Content starts

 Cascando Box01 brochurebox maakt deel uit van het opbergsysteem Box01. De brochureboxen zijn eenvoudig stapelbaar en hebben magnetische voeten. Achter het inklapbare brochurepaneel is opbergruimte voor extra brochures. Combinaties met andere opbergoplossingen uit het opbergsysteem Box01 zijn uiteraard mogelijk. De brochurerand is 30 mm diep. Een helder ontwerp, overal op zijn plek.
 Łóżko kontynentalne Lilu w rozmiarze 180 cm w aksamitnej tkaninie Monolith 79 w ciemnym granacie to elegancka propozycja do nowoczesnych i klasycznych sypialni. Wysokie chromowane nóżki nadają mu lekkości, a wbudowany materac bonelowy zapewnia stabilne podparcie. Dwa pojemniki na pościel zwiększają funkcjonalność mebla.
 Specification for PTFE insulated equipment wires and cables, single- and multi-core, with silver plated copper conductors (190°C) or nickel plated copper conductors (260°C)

Content ends
Content starts

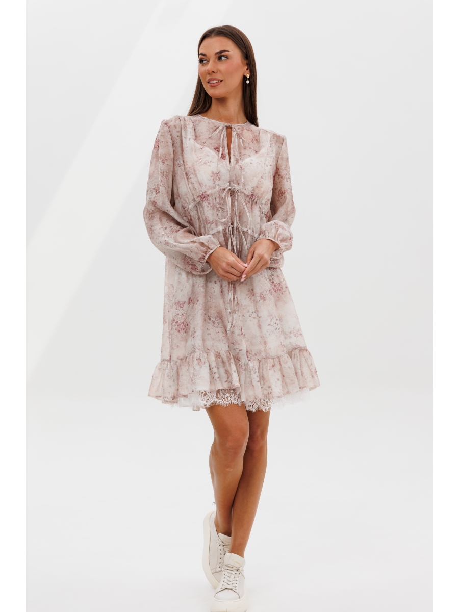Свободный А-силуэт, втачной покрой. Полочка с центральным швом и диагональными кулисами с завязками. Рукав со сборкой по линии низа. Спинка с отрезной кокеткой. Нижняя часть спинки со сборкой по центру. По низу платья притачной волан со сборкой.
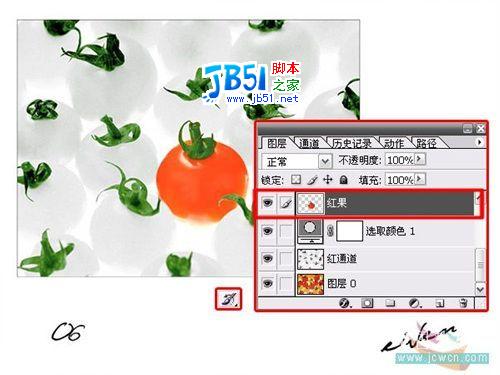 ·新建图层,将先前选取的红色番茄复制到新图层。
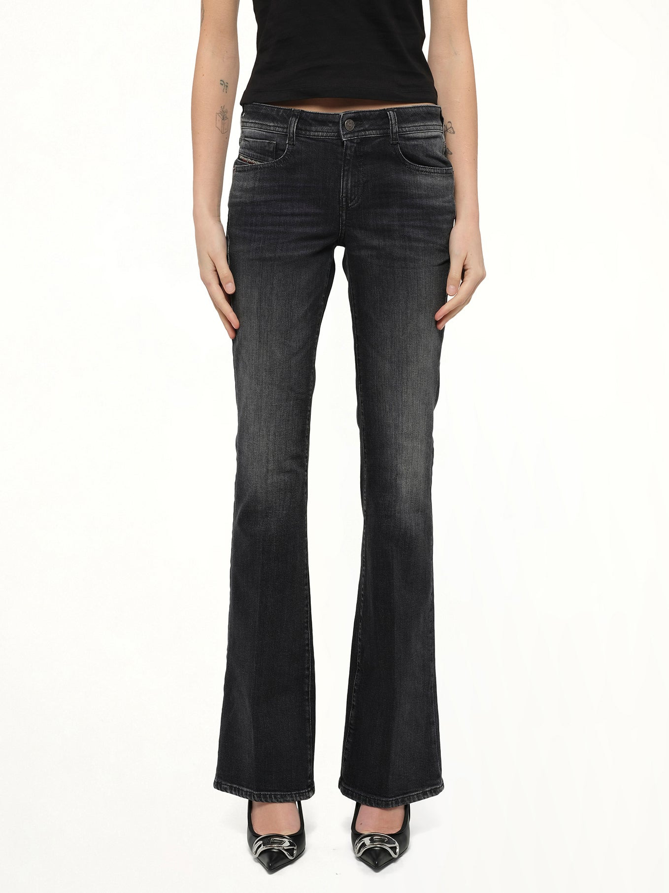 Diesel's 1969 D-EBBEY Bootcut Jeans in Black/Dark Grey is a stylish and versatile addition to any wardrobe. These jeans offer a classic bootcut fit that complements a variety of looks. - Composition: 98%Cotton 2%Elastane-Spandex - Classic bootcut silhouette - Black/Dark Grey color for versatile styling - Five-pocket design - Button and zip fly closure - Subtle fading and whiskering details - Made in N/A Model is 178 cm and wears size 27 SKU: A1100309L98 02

Content ends

Problem to solve
Copy word for word the stretch of entries above from the line that has "Cascando Box01 brochurebox" through the line that has "Łóżko kontynentalne Lilu", both ends included, and nothing outside it.

Exercise answer
 Cascando Box01 brochurebox maakt deel uit van het opbergsysteem Box01. De brochureboxen zijn eenvoudig stapelbaar en hebben magnetische voeten. Achter het inklapbare brochurepaneel is opbergruimte voor extra brochures. Combinaties met andere opbergoplossingen uit het opbergsysteem Box01 zijn uiteraard mogelijk. De brochurerand is 30 mm diep. Een helder ontwerp, overal op zijn plek.
 Łóżko kontynentalne Lilu w rozmiarze 180 cm w aksamitnej tkaninie Monolith 79 w ciemnym granacie to elegancka propozycja do nowoczesnych i klasycznych sypialni. Wysokie chromowane nóżki nadają mu lekkości, a wbudowany materac bonelowy zapewnia stabilne podparcie. Dwa pojemniki na pościel zwiększają funkcjonalność mebla.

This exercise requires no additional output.